Thursday, 16 October 2014

Rafizi Kantoi Menipu Dalam Jumlah Kutipan Cukai Kereta.

I am not sure how Rafizi Ramli gets his numbers from. Does he pluck it from thin air or uses the same faulty MS Excel that DAP uses to calculate their CEC elections results? Yesterday, Rafizi Ramli "revealed" that the govt collects RM17.3 billion in all car taxes. 

However, official figures shows a tax collection of RM7b to RM8b a year. http://tinyurl.com/ln4f9jv

Even this panda-looking fella in his video says RM7.3billion:http://www.youtube.com/watch?v=nxjmGrkLVBM

So, how come last year, Rafizi says RM7.3 billion and suddenly this year, the figure becomes RM17.3billion? Are you making numbers up, Rafizi or Excel error. Rafizi also says that the  govt spends RM13.7 billion in fuel subsidies.

However, as our govt had said, "despite the cut in subsidy, the government would still need to spend more than RM21 billion on RON95, diesel and liquefied petroleum gas subsidies for this year." So, RM21 billion is still more than the RM 17.3 billion alleged by Rafizi and certainly a whole lot more than the actual RM7.3 billion in car taxes.

Rafizi seems to simply throw out numbers as and when he likes. Maybe Microsoft should refund him his faulty copy of MS Excel or perhaps Rafizi should stop using pirated Excel if he didn't pay for it.
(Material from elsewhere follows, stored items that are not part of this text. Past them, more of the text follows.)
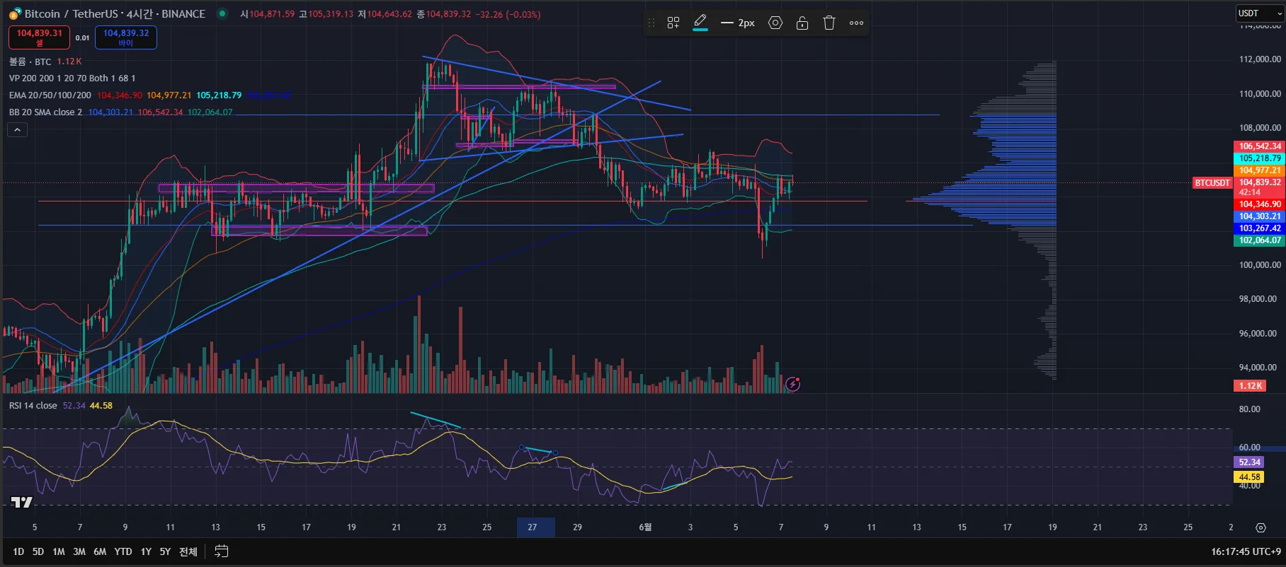 비트코인 4시간 봉입니다! 표시해둔 부분이 각각 상승과 하락 다이버전스가 발생했다고 생각합니다.
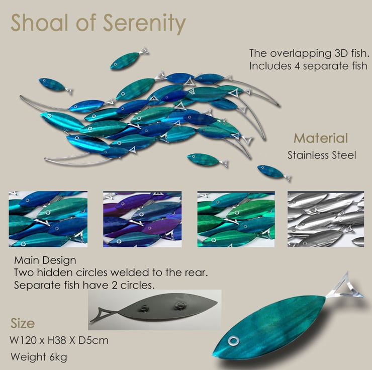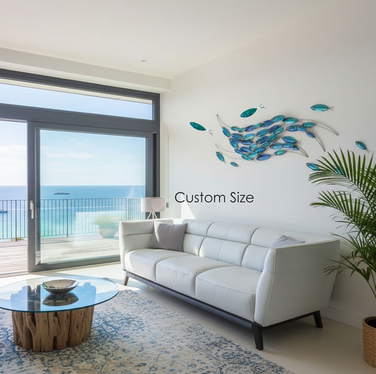 This handcrafted school of fish sculpture started as a simple sketch, inspired by a peaceful walk along the coastline, watching shimmering shoals glide through clear, sunlit waters. Back in my studio, I selected stainless steel for its strength and luminous quality, meticulously hand-cutting and shaping each fish to evoke the fluid motion of the ocean. I layered blue, teal, and silvery finishes to mimic the way sunlight dances on the waves, creating reflective surfaces that bring vibrant marine color into any setting. Each fish was carefully welded and arranged into a dynamic shoal, capturing the energy of sea life and the tranquility of beach living. Thoughtfully crafted for coastal homes, nautical interiors, or outdoor spaces, every sculpture is made with dedication and attention to detail—hoping to bring the spirit of the sea, a sense of relaxation, and a unique touch of contemporary art into your home or garden.
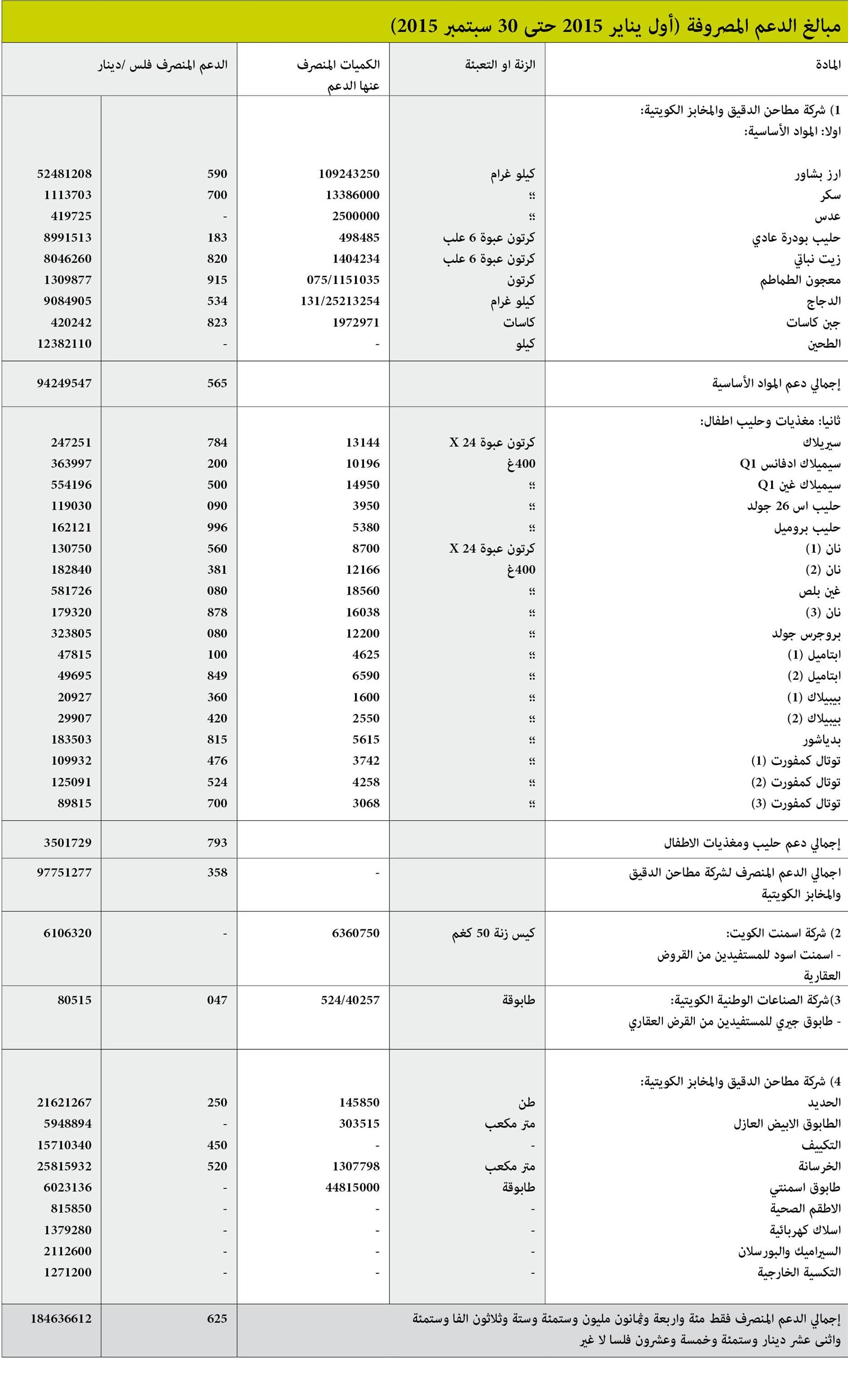 وبلغ إجمالي الدعم الذي تم صرفه على المواد الغذائية والإنشائية المدرجة ضمن البطاقة التموينية من أول يناير 2015 وحتى نهاية ديسمبر الماضي نحو 200 مليون دينار، موزعة على نحو 40 سلعة، من بينها 18 منتج ألبان، علما بأن حصة الفرد الواحد من الدعم التمويني تبلغ شهرياً نحو 8.6 دينار.
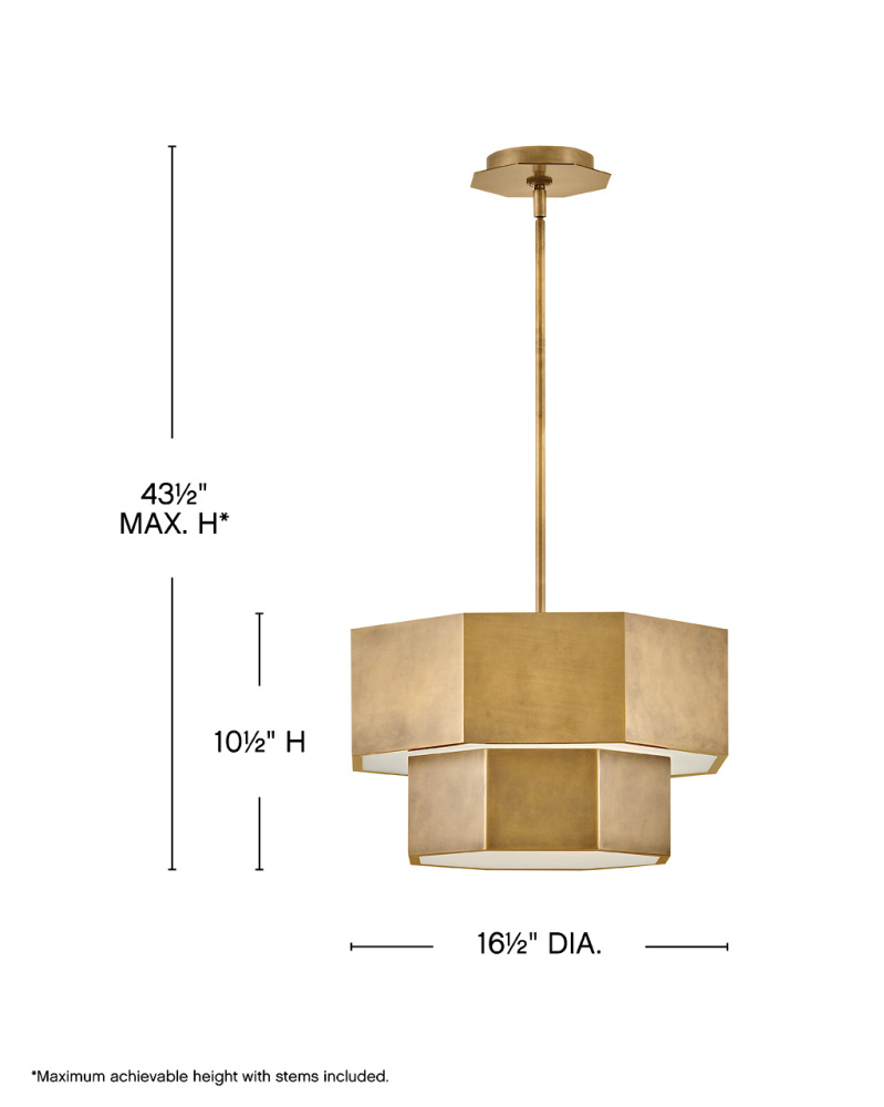 View the many sides of Facet. Interesting angles combine with bold metal features to create an edgy and contemporary profile that is unpretentious yet unforgettable. Hexagonal etched glass is showcased by Heritage Brass or Black Oxide finishes.
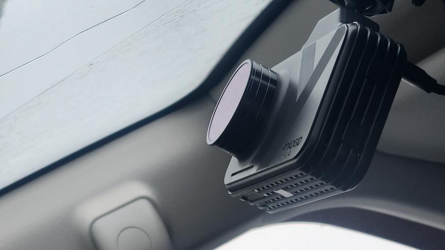 Я, как правило, выбираю место справа и чуть позади салонного зеркала. Тем более, у меня в этом месте предусмотрен USB-разъем для питания гаджетов. Напомню, что модель Roadgid CityGo 4 2CH оснащается источником питания, который работает как с бортовой сетью легковых автомобилей (12 Вольт), так и грузового/коммерческого транспорта (24 Вольт). Вот так выглядит видеорегистратор, закрепленный на лобовом стекле. А для корректной работы поляризационного фильтра нужно будет вращать кольцо на объективе, добиваясь изображения без бликов — проще всего это сделать в вечернее время при свете фонарей.
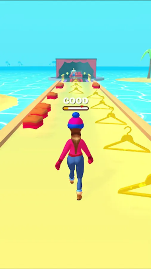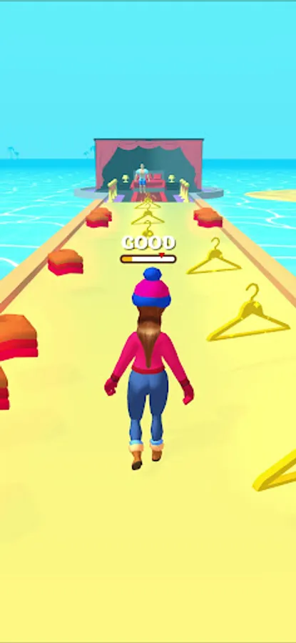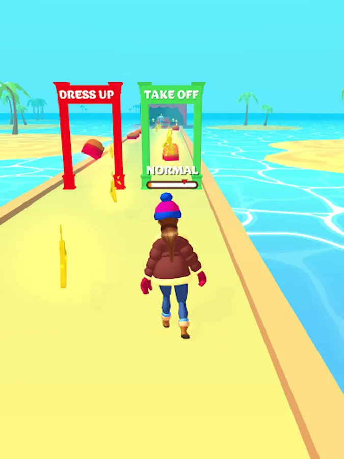 At the start of each level, the player has to run and change their character on the go. You can dress up or strip down to a bikini, and the number of clothes affects the level results!
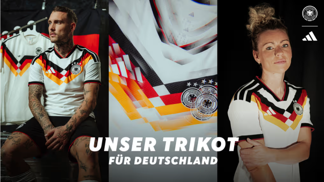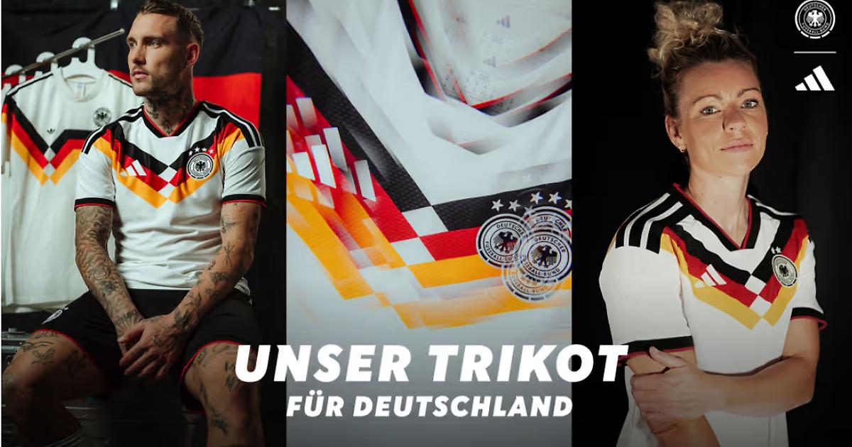 Форма представляет собой дань уважения величайшим успехам Германии и самым легендарным комплектам формы на чемпионатах мира ФИФА. Новая домашняя форма выполнена в традиционном белом цвете с ромбовидным узором в черно-красно-золотых тонах, вдохновленным культовым дизайном формы, завоевавшей кубок мира. Зигзагообразный узор напоминает форму 1994 года, когда США впервые принимали турнир. В сочетании с черными шортами и белыми гетрами, повторяющими ромбовидный узор, это создает современный образ, отдающий дань уважения корням и классическому облику сборной Германии», – говорится на сайте Немецкого футбольного союза.
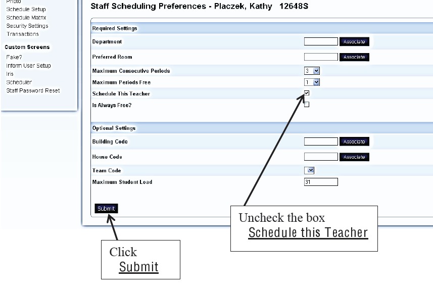 - Uncheck the box called Schedule This Teacher
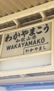 (年季の入った和歌山港駅の駅名標)
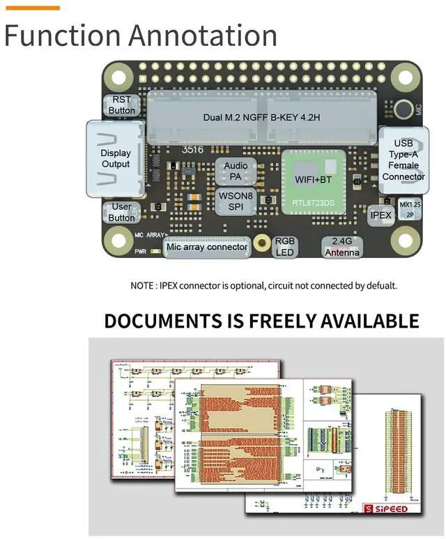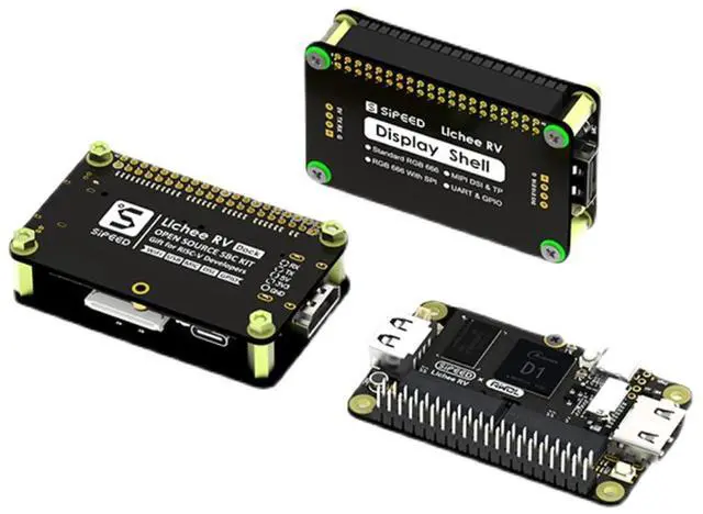 Onboard a user buttonSystem: Tina Linux(Based on OpenWRT 14.07 ), Debian; YoC (RTOS ) -Package Content-1x Sipeed RV Dock LCD adapter board1x 4.3 inch LCD-Technical Support-Please click "WayPonDEV" and ask a question or monica#smartfire.

In actual practice, Malaysia's car taxes are not that high on the low-to-middle range cars and this is why the car prices of mid-range cars such as Honda City and Toyota Vios does not differ much between Malaysia, Thailand and Indonesia. Singapore is of course a whole lot more expensive.

Contrary to popular belief, Malaysia's car prices are not the second highest in the world for all cars but only on certain categories of cars that have very high CC and are 100% imported. Let's have a look at these data from EconsMalaysia on car taxes collected :

"Actual sales of passenger vehicles reached RM74.85 billion in 2012, while excise duty collection on the same reached RM7.14 billion. My calculator says that the average excise duty levied is thus just 9.5% of sales.

That’s a far cry from the 40% implied by a straight line calculation. The idea that cutting out the excise duty for cars alone would see prices drop that much is thus largely wishful thinking.

In fact, for the average Malaysian family car (national or otherwise), the 9.5% estimate would be conservative since excise duty progressively increases for larger cars and for fully imported cars. The tax burden is lower for entry-level and mid-sized sedans, but so too would any reduction in prices from abolishing excise duty.

For one thing, unlike the sales tax, the excise duty on cars is not a flat rate based on manufacturer’s retail prices, but is actually adjusted downward for local content i.e. the published rate is just the maximum rate and won’t apply to all cars equally.Both the nominal and effective rate of excise duty can and would be considerably lower in practice.


Second, from what I’ve been made to understand, excise duty is levied on the ex-factory price and not at the distribution level, which means that it doesn’t take into account the profit margin on distribution."